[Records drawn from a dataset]
....

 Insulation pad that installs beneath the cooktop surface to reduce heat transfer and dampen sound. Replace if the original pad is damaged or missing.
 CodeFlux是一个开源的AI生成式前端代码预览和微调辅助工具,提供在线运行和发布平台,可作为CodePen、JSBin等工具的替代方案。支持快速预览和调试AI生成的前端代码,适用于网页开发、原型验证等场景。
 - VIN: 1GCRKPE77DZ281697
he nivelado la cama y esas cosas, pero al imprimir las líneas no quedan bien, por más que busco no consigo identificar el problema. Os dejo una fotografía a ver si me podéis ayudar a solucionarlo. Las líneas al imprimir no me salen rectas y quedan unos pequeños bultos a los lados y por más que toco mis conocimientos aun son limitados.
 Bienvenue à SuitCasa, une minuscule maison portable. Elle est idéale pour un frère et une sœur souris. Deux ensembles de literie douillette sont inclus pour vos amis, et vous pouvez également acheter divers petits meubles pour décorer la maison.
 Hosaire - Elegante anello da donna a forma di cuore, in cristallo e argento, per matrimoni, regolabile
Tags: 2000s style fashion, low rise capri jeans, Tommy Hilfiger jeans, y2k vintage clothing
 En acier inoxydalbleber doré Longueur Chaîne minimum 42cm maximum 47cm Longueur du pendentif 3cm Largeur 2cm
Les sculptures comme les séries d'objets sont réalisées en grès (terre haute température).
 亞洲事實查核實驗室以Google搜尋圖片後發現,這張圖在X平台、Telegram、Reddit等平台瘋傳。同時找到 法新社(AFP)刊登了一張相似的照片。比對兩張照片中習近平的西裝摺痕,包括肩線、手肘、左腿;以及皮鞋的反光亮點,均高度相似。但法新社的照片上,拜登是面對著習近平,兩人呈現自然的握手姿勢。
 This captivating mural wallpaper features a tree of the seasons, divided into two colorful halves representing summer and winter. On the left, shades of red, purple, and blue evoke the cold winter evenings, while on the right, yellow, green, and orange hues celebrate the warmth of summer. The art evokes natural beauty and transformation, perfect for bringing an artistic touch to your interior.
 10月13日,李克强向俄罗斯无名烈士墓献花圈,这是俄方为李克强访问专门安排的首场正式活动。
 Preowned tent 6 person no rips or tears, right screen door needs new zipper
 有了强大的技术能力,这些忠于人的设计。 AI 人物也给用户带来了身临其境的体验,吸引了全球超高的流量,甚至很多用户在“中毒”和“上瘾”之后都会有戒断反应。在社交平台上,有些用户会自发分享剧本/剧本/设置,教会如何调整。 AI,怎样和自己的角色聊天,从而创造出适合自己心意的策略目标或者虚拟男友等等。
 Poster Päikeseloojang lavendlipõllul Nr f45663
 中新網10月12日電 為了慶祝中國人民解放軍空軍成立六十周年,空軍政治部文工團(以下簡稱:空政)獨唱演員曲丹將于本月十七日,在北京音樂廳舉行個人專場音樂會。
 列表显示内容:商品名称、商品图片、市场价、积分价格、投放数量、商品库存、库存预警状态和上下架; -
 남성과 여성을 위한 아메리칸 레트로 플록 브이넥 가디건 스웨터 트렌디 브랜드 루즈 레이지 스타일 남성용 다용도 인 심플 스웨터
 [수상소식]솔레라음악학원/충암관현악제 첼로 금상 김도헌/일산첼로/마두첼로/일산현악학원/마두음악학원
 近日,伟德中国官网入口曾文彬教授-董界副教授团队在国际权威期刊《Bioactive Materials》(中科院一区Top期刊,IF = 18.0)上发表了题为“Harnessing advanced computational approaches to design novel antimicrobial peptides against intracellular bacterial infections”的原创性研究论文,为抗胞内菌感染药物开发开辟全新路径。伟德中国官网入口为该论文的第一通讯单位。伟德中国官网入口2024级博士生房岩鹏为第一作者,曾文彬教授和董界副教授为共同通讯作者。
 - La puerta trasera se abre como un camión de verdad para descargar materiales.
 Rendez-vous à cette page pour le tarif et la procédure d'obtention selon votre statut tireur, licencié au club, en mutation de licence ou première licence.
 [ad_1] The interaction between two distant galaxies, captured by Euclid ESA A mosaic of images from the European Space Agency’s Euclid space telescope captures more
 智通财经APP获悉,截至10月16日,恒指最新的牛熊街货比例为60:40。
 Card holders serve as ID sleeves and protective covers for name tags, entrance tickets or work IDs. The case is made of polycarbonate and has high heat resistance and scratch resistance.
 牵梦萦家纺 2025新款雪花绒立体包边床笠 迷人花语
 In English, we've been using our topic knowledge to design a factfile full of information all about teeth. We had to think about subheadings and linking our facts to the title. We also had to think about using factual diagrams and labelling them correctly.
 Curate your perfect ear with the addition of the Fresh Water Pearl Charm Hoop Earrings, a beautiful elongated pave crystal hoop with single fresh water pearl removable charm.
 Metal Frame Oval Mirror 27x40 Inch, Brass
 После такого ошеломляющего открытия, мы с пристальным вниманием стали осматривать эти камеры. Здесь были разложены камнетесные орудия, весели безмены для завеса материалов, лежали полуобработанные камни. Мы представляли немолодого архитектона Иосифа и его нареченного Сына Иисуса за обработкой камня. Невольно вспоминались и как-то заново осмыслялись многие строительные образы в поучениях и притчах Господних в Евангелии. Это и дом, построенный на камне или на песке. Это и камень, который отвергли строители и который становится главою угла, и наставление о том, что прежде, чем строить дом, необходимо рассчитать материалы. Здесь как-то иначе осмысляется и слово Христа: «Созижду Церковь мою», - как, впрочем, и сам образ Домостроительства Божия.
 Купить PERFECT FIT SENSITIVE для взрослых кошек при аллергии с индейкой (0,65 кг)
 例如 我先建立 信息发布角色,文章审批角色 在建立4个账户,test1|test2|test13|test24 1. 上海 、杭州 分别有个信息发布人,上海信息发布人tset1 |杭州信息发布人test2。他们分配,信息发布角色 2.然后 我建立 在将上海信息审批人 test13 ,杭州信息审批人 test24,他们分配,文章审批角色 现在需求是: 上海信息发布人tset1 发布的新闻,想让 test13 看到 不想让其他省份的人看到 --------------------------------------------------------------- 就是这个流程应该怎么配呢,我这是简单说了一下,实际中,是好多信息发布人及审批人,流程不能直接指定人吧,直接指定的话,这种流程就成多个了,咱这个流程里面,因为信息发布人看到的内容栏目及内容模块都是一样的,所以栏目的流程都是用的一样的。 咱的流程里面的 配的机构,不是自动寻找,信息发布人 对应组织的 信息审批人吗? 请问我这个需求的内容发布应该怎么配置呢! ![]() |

....

* WORK ITEM
Could you reproduce, exactly, every line above from the line with "牵梦萦家纺 2025新款雪花绒立体包边床笠 迷人花语" to the line with "In English, we've", and no other line? Both ends count.

* RESPONSE TO THE TASK
 牵梦萦家纺 2025新款雪花绒立体包边床笠 迷人花语
 In English, we've been using our topic knowledge to design a factfile full of information all about teeth. We had to think about subheadings and linking our facts to the title. We also had to think about using factual diagrams and labelling them correctly.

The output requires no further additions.